### Data records
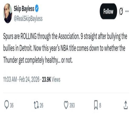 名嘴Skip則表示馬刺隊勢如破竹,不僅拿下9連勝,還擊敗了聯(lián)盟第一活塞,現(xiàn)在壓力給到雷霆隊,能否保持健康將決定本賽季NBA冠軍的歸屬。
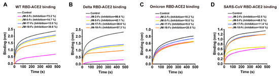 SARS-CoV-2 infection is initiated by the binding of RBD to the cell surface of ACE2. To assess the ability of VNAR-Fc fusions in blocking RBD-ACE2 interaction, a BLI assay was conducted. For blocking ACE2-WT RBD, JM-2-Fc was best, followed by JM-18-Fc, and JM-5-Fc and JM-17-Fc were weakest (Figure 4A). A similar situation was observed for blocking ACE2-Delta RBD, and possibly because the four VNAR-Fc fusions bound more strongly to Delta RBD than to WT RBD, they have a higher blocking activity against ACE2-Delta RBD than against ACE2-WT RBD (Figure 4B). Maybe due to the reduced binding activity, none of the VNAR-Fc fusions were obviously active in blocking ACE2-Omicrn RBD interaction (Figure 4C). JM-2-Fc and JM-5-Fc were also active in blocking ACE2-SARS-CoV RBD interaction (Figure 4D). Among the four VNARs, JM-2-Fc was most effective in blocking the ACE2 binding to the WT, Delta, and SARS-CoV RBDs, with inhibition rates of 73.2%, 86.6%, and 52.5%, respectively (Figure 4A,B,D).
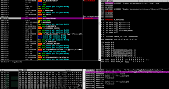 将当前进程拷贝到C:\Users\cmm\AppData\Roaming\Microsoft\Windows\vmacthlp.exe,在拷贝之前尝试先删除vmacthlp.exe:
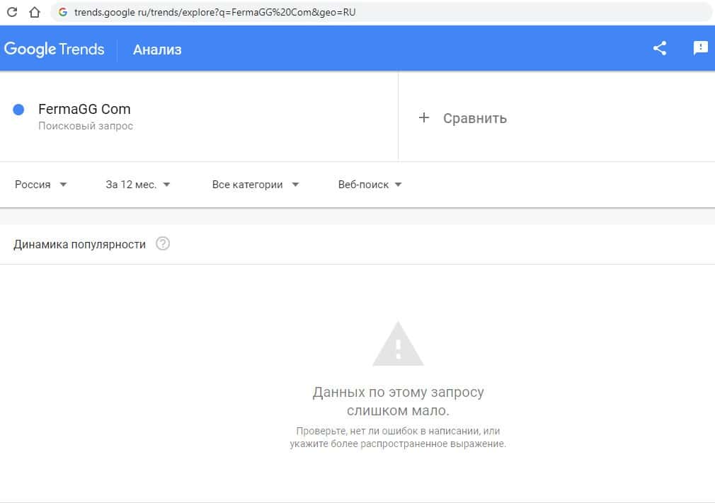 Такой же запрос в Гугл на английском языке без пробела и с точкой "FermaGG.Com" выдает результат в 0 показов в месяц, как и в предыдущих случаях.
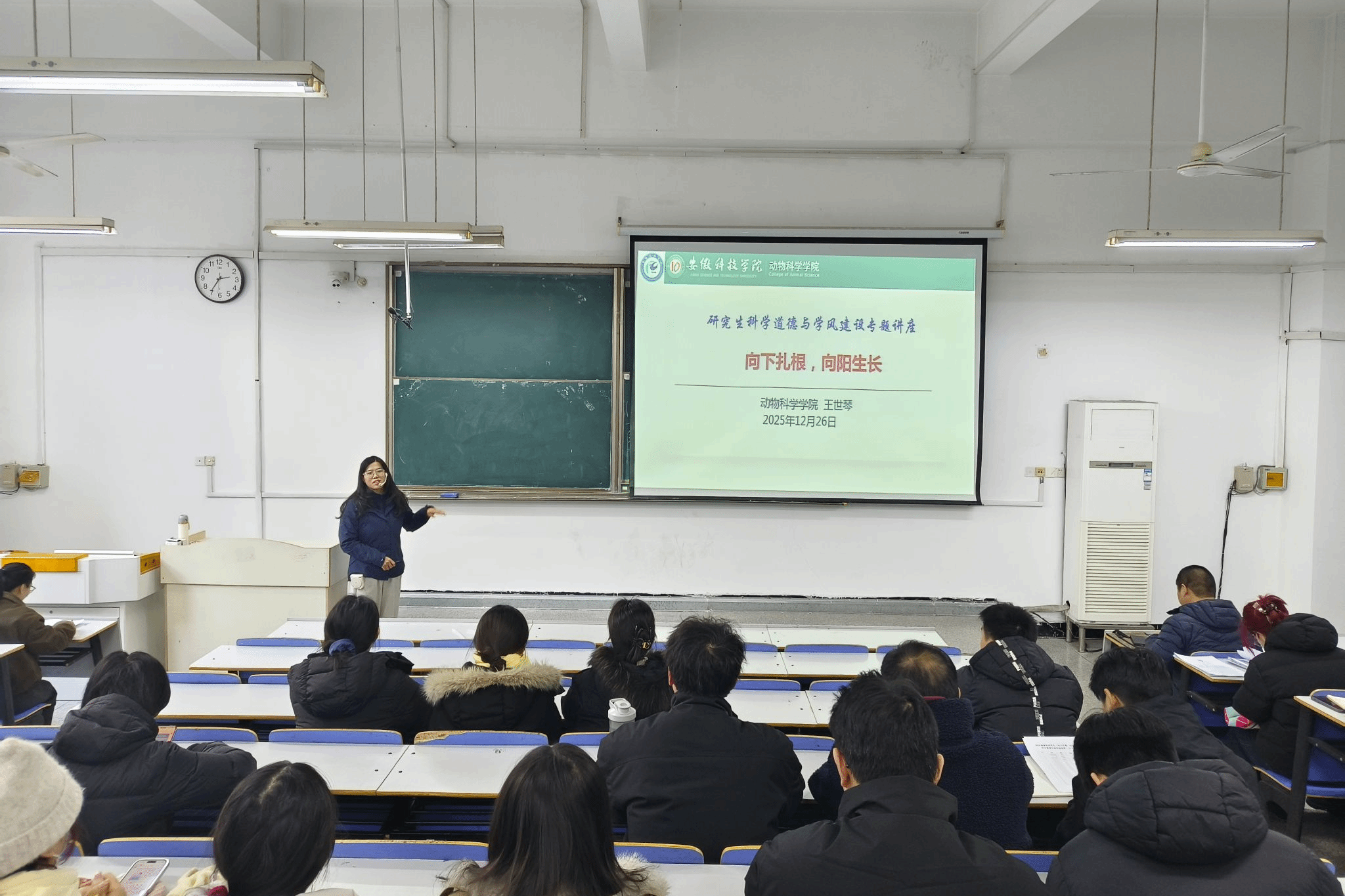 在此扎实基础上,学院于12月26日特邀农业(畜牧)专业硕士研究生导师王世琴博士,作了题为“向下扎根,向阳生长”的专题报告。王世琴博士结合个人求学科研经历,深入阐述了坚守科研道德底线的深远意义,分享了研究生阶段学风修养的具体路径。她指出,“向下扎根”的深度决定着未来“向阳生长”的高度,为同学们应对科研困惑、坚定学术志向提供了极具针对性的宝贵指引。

---

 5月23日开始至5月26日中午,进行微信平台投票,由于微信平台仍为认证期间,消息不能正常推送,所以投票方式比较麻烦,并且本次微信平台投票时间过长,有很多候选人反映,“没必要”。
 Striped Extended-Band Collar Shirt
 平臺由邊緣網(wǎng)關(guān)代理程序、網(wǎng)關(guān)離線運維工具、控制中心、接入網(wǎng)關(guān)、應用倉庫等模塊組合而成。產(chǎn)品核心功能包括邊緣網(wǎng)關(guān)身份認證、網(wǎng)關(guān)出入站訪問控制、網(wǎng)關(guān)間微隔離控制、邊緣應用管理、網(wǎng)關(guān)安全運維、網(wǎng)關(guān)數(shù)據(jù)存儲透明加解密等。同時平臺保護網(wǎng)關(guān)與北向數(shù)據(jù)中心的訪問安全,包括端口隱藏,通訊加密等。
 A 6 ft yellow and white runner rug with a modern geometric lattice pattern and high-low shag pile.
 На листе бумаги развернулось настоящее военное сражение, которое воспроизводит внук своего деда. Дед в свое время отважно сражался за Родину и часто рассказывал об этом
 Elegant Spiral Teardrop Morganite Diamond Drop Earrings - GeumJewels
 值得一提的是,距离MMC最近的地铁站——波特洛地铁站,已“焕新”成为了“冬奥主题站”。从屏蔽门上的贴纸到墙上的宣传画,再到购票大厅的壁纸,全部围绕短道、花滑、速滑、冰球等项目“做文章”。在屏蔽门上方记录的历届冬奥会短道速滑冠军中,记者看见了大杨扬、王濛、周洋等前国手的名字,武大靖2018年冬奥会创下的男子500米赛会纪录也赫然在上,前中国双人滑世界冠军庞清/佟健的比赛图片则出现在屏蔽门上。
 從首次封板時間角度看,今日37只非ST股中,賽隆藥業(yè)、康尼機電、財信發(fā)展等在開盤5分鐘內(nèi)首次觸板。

---

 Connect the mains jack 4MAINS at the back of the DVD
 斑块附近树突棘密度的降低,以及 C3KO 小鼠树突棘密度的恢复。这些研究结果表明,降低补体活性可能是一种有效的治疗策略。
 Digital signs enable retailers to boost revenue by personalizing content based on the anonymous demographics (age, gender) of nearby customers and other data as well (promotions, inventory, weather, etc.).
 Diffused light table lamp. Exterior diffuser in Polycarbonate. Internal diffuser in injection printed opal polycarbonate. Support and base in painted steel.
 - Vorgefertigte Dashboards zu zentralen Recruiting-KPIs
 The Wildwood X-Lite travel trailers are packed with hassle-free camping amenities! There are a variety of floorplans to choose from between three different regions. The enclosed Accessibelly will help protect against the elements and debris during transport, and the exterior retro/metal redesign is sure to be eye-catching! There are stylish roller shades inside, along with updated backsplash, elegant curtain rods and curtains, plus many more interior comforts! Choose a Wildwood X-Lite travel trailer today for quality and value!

### Your objective
Copy the listing above exactly, but only from the line with "SARS-CoV-2 infection is" through the line with "在此扎实基础上,学院于12月", including those two lines and excluding any picture.

### Result for this exercise
 SARS-CoV-2 infection is initiated by the binding of RBD to the cell surface of ACE2. To assess the ability of VNAR-Fc fusions in blocking RBD-ACE2 interaction, a BLI assay was conducted. For blocking ACE2-WT RBD, JM-2-Fc was best, followed by JM-18-Fc, and JM-5-Fc and JM-17-Fc were weakest (Figure 4A). A similar situation was observed for blocking ACE2-Delta RBD, and possibly because the four VNAR-Fc fusions bound more strongly to Delta RBD than to WT RBD, they have a higher blocking activity against ACE2-Delta RBD than against ACE2-WT RBD (Figure 4B). Maybe due to the reduced binding activity, none of the VNAR-Fc fusions were obviously active in blocking ACE2-Omicrn RBD interaction (Figure 4C). JM-2-Fc and JM-5-Fc were also active in blocking ACE2-SARS-CoV RBD interaction (Figure 4D). Among the four VNARs, JM-2-Fc was most effective in blocking the ACE2 binding to the WT, Delta, and SARS-CoV RBDs, with inhibition rates of 73.2%, 86.6%, and 52.5%, respectively (Figure 4A,B,D).
 将当前进程拷贝到C:\Users\cmm\AppData\Roaming\Microsoft\Windows\vmacthlp.exe,在拷贝之前尝试先删除vmacthlp.exe:
 Такой же запрос в Гугл на английском языке без пробела и с точкой "FermaGG.Com" выдает результат в 0 показов в месяц, как и в предыдущих случаях.
 在此扎实基础上,学院于12月26日特邀农业(畜牧)专业硕士研究生导师王世琴博士,作了题为“向下扎根,向阳生长”的专题报告。王世琴博士结合个人求学科研经历,深入阐述了坚守科研道德底线的深远意义,分享了研究生阶段学风修养的具体路径。她指出,“向下扎根”的深度决定着未来“向阳生长”的高度,为同学们应对科研困惑、坚定学术志向提供了极具针对性的宝贵指引。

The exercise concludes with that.